- The paper introduces a miniature multimodal model that achieves 90% of large-model performance using just 5% of the parameters.
- It employs a compact vision encoder distilled from a larger model and integrates with pre-trained LLMs via an MLP projector for visual instruction tuning.
- The unified adaptation framework reformulates diverse visual tasks into a VQA format, enabling efficient domain transfer and specialized applications.
The paper "Mini-InternVL: A Flexible-Transfer Pocket Multimodal Model with 5% Parameters and 90% Performance" introduces a series of lightweight Multimodal LLMs (MLLMs) designated as Mini-InternVL. These models promise significant efficiency improvements, achieving approximately 90% of the performance of much larger counterparts using only 5% of the parameters. This breakthrough allows for enhanced application in various specialized domains including autonomous driving, medical imaging, and remote sensing.

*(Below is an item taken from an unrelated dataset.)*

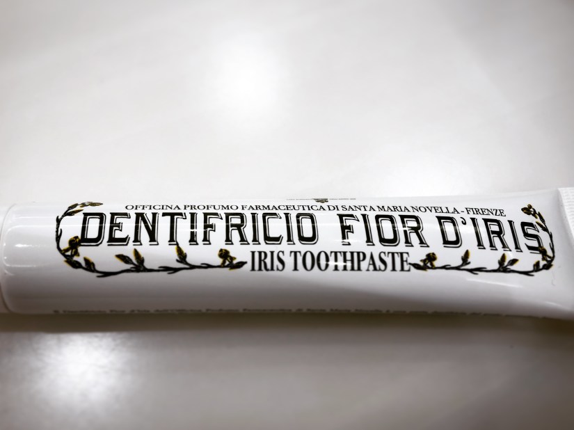さて、こちらは、大好きな、フィレンツェに本店のあるサンタ マリア ノッベラの歯磨き粉。ユリの根入り。昔から、歯茎に良いことで知られるユリの根っこが今も使われてます。

Architecture of Mini-InternVL
Mini-InternVL incorporates an innovative architecture which prominently features InternViT-300M as a compact vision encoder. This vision encoder, distilled from a larger InternViT-6B model, acquires world knowledge through a unique knowledge distillation process.
Figure 1: Training method and architecture of Mini-InternVL. Left: We employ InternViT-6B as the teacher model to perform knowledge distillation on the student model.
Three versions of the model exist, scaling from 1 billion to 4 billion parameters. They integrate the vision encoder with various pre-trained LLMs, relying on an MLP projector for seamless integration. Training involves two main stages: language-image alignment, followed by visual instruction tuning, to endow Mini-InternVL with robust multimodal understanding capabilities.
Unified Adaptation Framework
To facilitate easy domain transfer, the paper introduces a streamlined adaptation framework. This framework reformulates diverse visual tasks into a Visual Question Answering (VQA) format, simplifying model adjustments across various tasks such as image classification, region perception, and video-related tasks.
Figure 2: The data format of our adaptation framework. We formulate other visual tasks (i.e., image classification, region perception, multi-view image tasks, video-related tasks, and visual grounding) into VQA format in our framework.
The adaptation framework standardizes model architecture, data format, and training schedules, thus allowing swift domain adaptation with low marginal costs.
Transfer Learning and Domain Adaptation
The proposed transfer learning paradigm leverages the strengths of Mini-InternVL for specialized domains. By using a blend of domain-specific and general training data, these models exhibit remarkable performance and versatility across a vast array of tasks. The framework integrates data from multiple publicly available datasets, promoting robust model training and domain adaptation.
Figure 3: Qualitative Results of . In the upper left corner is a multi-view image from DriveLM-nuScenes version-1.1 after data processing. The model's outputs align with human driving behavior.
Extensive testing across various benchmarks demonstrates that Mini-InternVL achieves impressive performance metrics, particularly excelling in tasks involving OCR and specialized image analysis. The study also conducts a thorough examination of different training mechanisms, evaluating their impacts on computational efficiency and model performance.

Figure 4: The impact of the proportion of general data.
For example, in autonomous driving scenarios, after domain adaptation, models exhibited enhanced perception, prediction, and planning capabilities. Additionally, the effects of different adaptation techniques and training sample sizes on end performance are analyzed, illustrating the nuanced trade-offs between performance and computational resource allocation.
Conclusion
The Mini-InternVL series addresses the increasing demand for efficient multimodal models capable of operating effectively within constrained computational resources. By unifying model adaptation processes and streamlining domain transfer, Mini-InternVL stands as a significant contribution to the practical deployment of MLLMs. The paper invites future exploration into expanding the capabilities and applications of such efficient models within other demanding domains.